Like father, like son
Michigan wide receiver Mario Manningham (5-11, 181) played high school football for Warren G. Harding High where his coach was Thom McDaniels, the father of current Patriots offensive coordinator Josh McDaniels. Manningham never met the younger McDaniels, but knows of him.
"I've heard a lot of good things about him," Manningham said before talking about the elder McDaniels. "Coach McD is down to earth. He pushed me to the edge."
Would it be weird to play for his high school coach's son in the NFL?
"If he's anything like his dad, it shouldn't be a piece of cake," Manningham said.
Saturday Combine Notebook
Maryland tackle Andrew Crummey (6-5, 308) wore a walking boot on his left foot during his meeting with the media Saturday morning. Crummey is rehabbing from twice breaking the foot and surgery to repair the injury. … Illinois linebacker Jeremy Leman (6-1, 245) was also wearing a walking boot at the Combine after suffering an ankle injury in the Rose Bowl and undergoing surgery about a month ago. Leman is not going to be back to full-speed until late April, but hopes that fact won't hurt his draft status. "I've been telling teams 'Don't hold it against me because I can't run for you. I'll give you everything.

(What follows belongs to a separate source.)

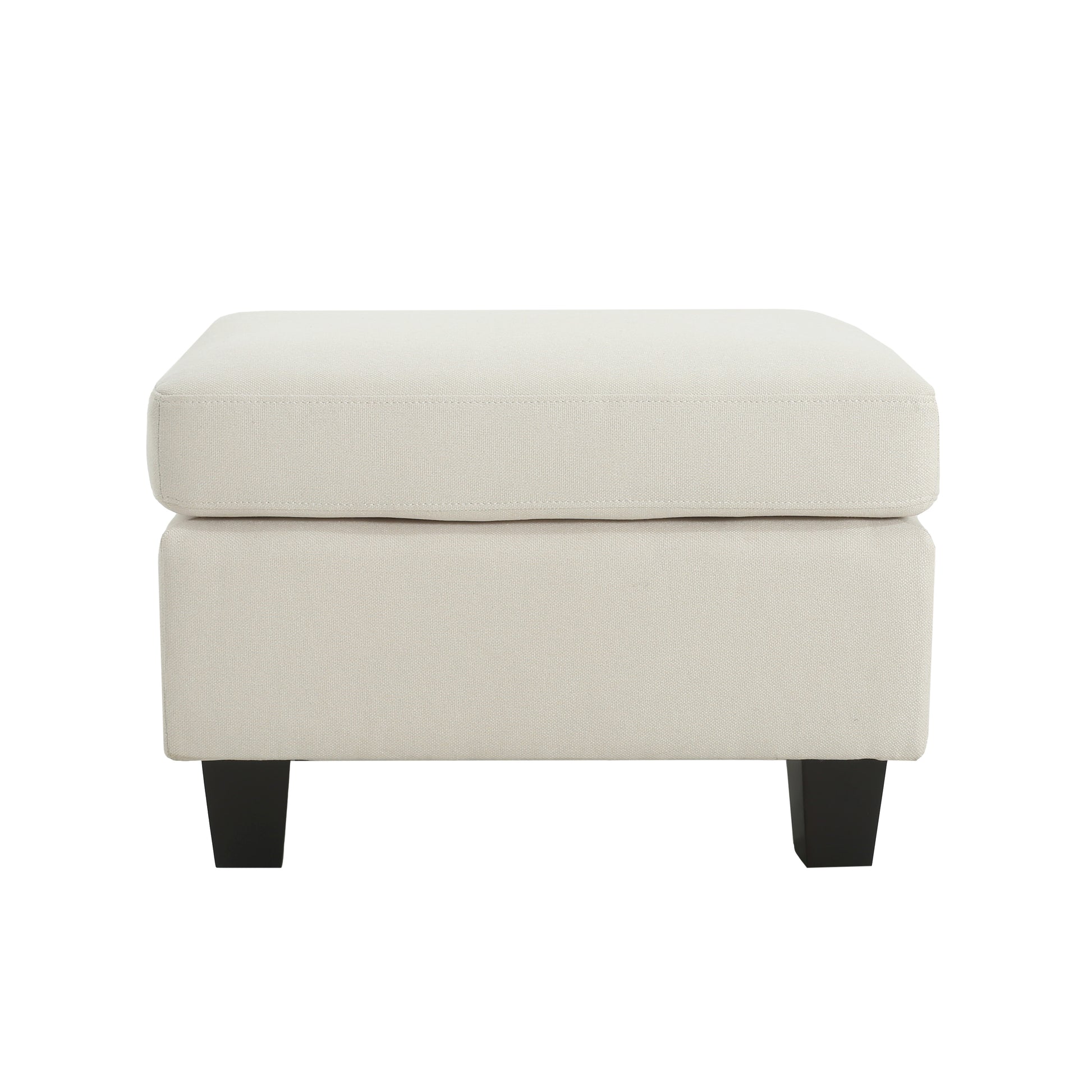 - Creating a cozy living space is easy with this charming and stylish ottoman. This piece is as practical as it is pretty, featuring smooth fabric upholstery and a minimalist silhouette. For a beautiful and sturdy finishing touch, birch wood legs complete this versatile and lovely ottoman. Whether you use it as a simple and chic accent, as a footrest, or as a spare seat for guests, this ottoman is sure to be the perfect complement to your carefully-curated contemporary home.

Just give me one chance." … After bouncing between New England's practice squad and active roster over the last couple years, WR Bam Childress signed a two-year contract with the Eagles this week. … Defensive end Chris Long (6-3, 272) already has some understanding of a couple AFC East teams thanks to his time playing for Al Groh at Virginia. "I've heard a lot about Coach Parcells and Coach Belichick as well. I think Coach Groh is a guy with a tremendous amount of respect for that coaching tree. A lot of his coaching styles and the schemes derive directly from Parcells and that tree. It will be a tough transition whatever I do and wherever I go. I think he does have a lot of similarities." … Leman, who earned both an undergraduate degree in speech communication and a Master's in human resources education in his time at Illinois, had an interesting take on the divide between academics and football. "Academics are just something I did because I knew I had to and I knew it was important," said the four-time academic All Big-Ten linebacker. "Did I love studying all the time? No, but I love playing football. It's what I do for my living."